Daha dört ay önce üniversiteyi bitirmiştim. Tüm çocukluğum ve delikanlılığım boyunca hep alay edilirdim: “Sen sarhoş musun? , Niye düz yürümüyorsun? Yamuk! İçtin mi sen? , Sallanmasana! Dik dursana bi ya! Dengesiz! vs. … "Yürürken balkonlardaki insanların bakışlarından çok utanırdım ama, daha bunun bir hastalık olduğunu bile bilmiyordum. Sanki böyle yürümeyi ben istiyordum?
Kendimi bildim bileli, geceleri dökmeden çay taşımanın ve dümdüz yürümenin hayalini kurardım. Belki bir ilaçla veya iğneyle düzelebilme ihtimali vardır, belki çok basit bir tedavisi vardır diye düşünürdüm. Ama kimseye derdimi söyleyemedim. İnsanların nasıl düz yürüyebildiklerini çok merak ederdim.
Hani doğuştan görme özürlü birisi, görmenin nasıl ve ne demek olduğunu anlayamazmış ya, benimki de aynen öyle. İşte şimdi beni hastanede inceliyorlardı. Ümitle sonucu bekliyordum. Belki de iyileşecektim…” Saat dokuza geliyordu. Tekrar odaya geçtim.
Doktorlar geldi. Bizimle ilgilenen doktorlar, klinik şefine biz hastaların durumu hakkında bilgi verdiler. Her günkü sabah kontrolü bitmişti. Ben odadaki diğer hastalarla sohbete başladım. Konu müzikten açıldı. Ben o zamanlar Orhan Gencebay hayranıydım.
Yanımdaki hasta ‘Ben Samsun’da yol üstü lokanta işletiyorum. Orhan bey, bana Samsun’a her gelişinde uğrar.’ dediğinde çok sevindim. O hastaya:
Abi keşke ben de tanışabilsem” dedim.
Kahkahalarla böyle sohbet devam ederken, benimle ilgilenen bayan doktor odaya girince sustuk.
Yanıma geldi, içimi bir garip heyecan kapladı.
‘Celal, senin hastalığının ismi Friedreich Ataksisi’ dediğinde sözünü kestim.
‘Nasıl doktor hanım, ney pardon anlayamadım’, dedim.
Daha hastalığın adını bile telaffuz edemiyordum.

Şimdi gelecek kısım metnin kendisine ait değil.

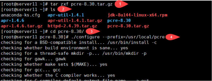 [root@server10 ~]# tar zxf pcre-8.30.tar.gz tar包解压pcre的软件包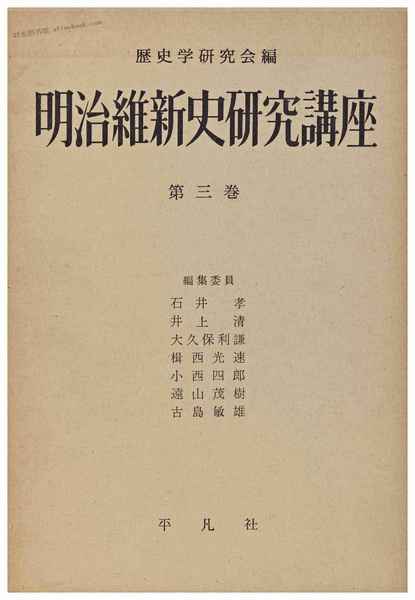 | 网盘路径:/时光图书馆珍藏系列/书籍文件/老图书/《明治維新史研究講座 第三巻[明治维新史研究讲座_第三卷]》电子版合集.db | ||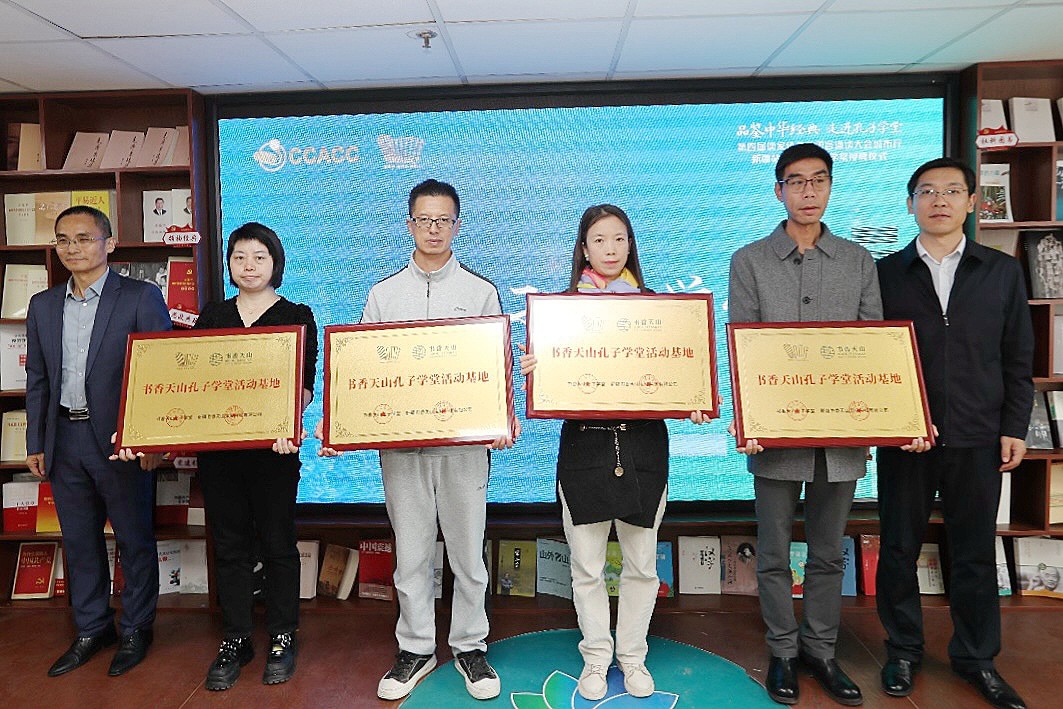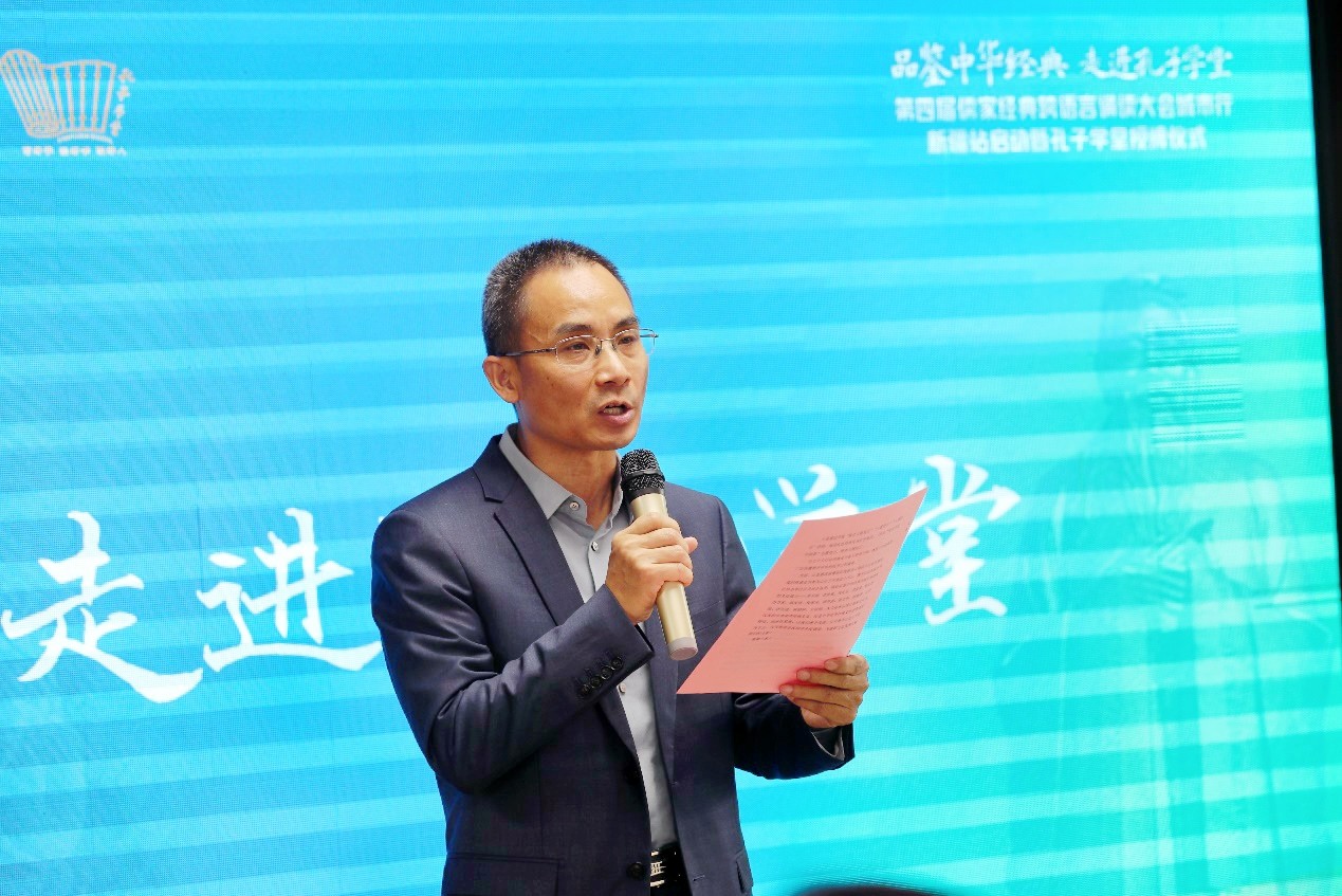 中国孔子基金会孔子学堂推进委员会副主任孙润来宣读了关于成立书香天山科技有限公司孔子学堂的批复函,并与韬奋基金会阅读组织联合会理事、新疆书香天山文化科技有限公司党组织书记、总经理韩芝雄、全民阅读推广人、全国十佳播音主持教师、新疆书香天山科技有限公司副总经理、书香天山科技有限公司孔子学堂负责人何志涓共同为孔子学堂揭牌。

“Bu hastalık dengesiz yürümeyle başlar, sürekli ilerler ve tekerlekli sandalyeyle devam eder. Sonunda yatalak duruma gelir” dedi.
Nefes almadan dinliyordum ve göz pınarlarım dolmaya başlamıştı. Henüz on dokuz yaşında bir gençtim. Hayatın baharındaydım.
Yıllarca hayalini kurduğum düz yürüyebilmek gerçekten hayale dönüşüyordu. Sonra devam etti:
“Celal, sen şimdi hastalığının henüz başlangıç dönemindesin. Bu hastalığın sebebi bilinmiyor ve maalesef tıbben tedavisi yok.”
Dişlerimi sıkıyor ve ağlamamak için kendimi zor tutuyordum.
“Bugünler senin iyi günlerin. Sen asla çalışamazsın. Yakında tekerlekli sandalyeye düşeceksin ve ilerde yaşarsan yatalak olabilirsin. Özetle durumun böyle.” dediğinde daha fazla kendimi tutamadım ve çocuk gibi hıçkırarak ağlamaya başladım.
Doktor Hanım odadan çıktı. Oda arkadaşları teselli veriyorlardı, ama duymuyordum. Yatağa uzandım. Battaniyeyi üstüme örttüm ve ağlamaya başladım.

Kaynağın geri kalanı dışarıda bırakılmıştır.